Les rappeuses que je rencontre me parlent des volontés de formater ce qu’elles font, des difficultés à enregistrer, même ! Et elles sont les premières victimes des clichés. On leur dit souvent : « Tu devrais te mettre à poil et chanter de manière hyper provoc’ » ou « t’es pas une pute, donc tu parleras jamais de sexualité ». On en est encore là actuellement.

La différence entre scène rap française et rap américaine sur ce sujet, elle est flagrante ? 

Aux US, ils ont des rappeurs LGBT, ils ont des rappeuses. Donc ça change toute la dynamique. Et aux États-Unis, le rap est bien plus impliqué dans la culture populaire. Même sur leurs late-shows, on parle de rap par exemple. On voit des vieux blancs, hétérosexuels, écouter du Public Enemy et chanter les paroles. Ici, je ne suis pas sûr que tous les gens de 50 ans soient capables de chanter du NTM.

Est-ce qu’il y a déjà une chanson qui vous a donné envie de vous insurger ? 

Franchement non, ça m’est jamais arrivé. Plus jeune, j’étais choquée, mais de la bonne manière. J’entendais Lil Kim parler de cunnilingus, ça m’impressionnait. C’était – et c’est – toujours impossible en France !

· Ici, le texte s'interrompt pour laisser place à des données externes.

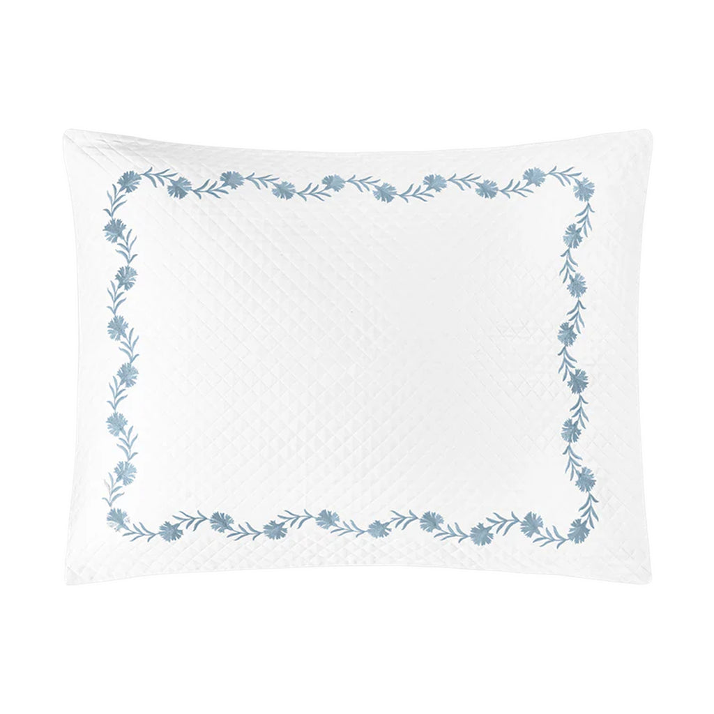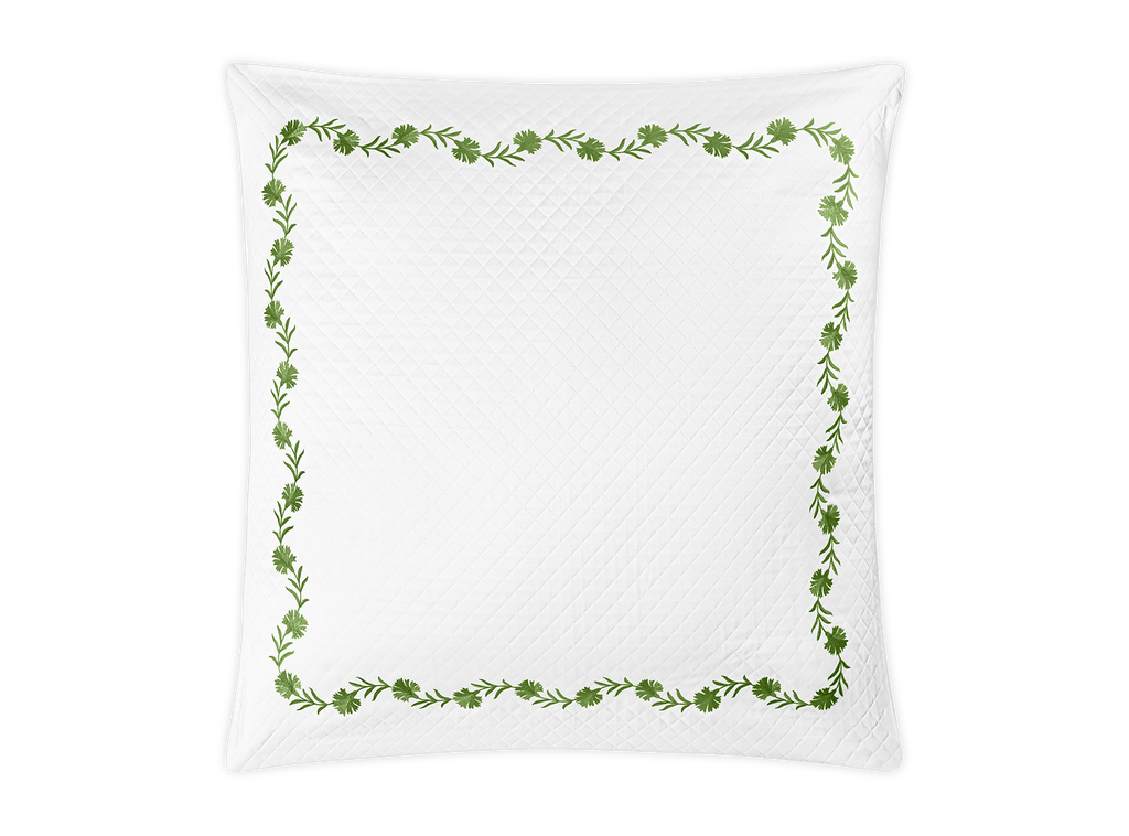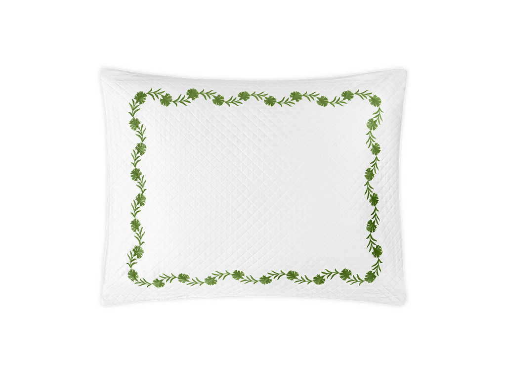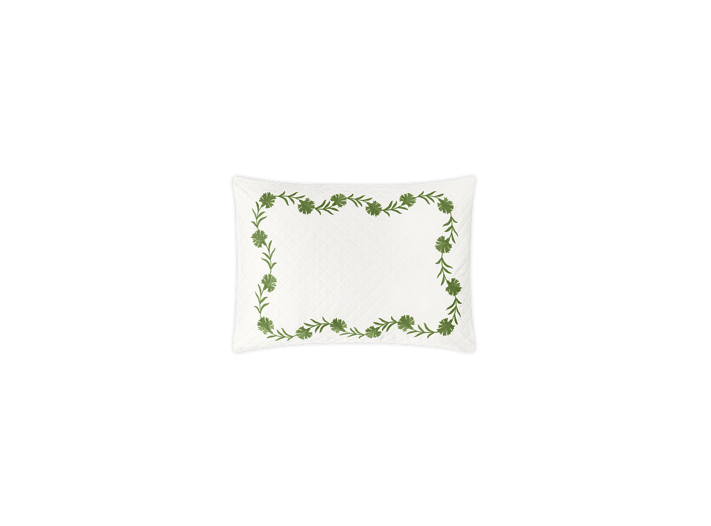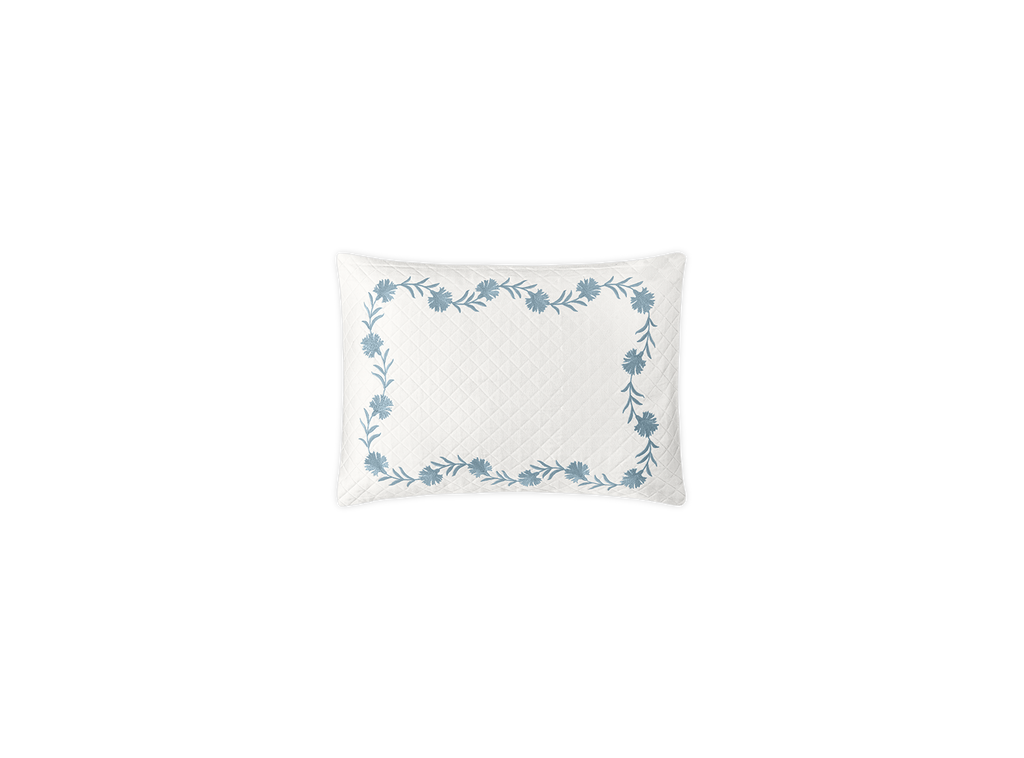 With its softly sculpted floral embroidery, the Daphne Matelassé Sham brings a delicate, dimensional elegance to the bed. Set against the refined texture of Petra diamond matelassé, it offers a gentle sheen and fluid drape that pairs beautifully with the beloved Daphne sheeting collection.

Le sujet des femmes dans le rap est-il souvent encore plus mal débattu que les accusations de violence ou d’apologie de la drogue ? 

C’est surtout faux-cul. C’est n’importe quoi de voir le rap comme le seul producteur de sexisme ou de violence envers les femmes. Il y a des chansons de Marc Lavoine horribles envers les femmes ! Regardons dans quelle époque on vit, la violence envers les femmes existe à plein d’autres niveaux. Le rap est un bouc-émissaire ! Il est bien pratique. Il est nommé responsable de tous les maux contre les femmes. Alors on peut critiquer le rap quand il est sexiste, mais on peut loger tout le monde à la même enseigne alors. Mais d’autres musiciens devraient être épinglés, sauf qu’hors rap, ils font partie des puissants, donc c’est plus facile de s’attaquer à Lorenzo évidemment.

Ce débat sera-t-il tranché à un moment ? 

Je le souhaite, mais ça dépend des discussions. Ça ne peut pas être un débat binaire. Il n’y a pas de pour ou contre. J’aimerais bien qu’on sorte de cette vision binaire, et qu’en attendant on parle davantage de musique.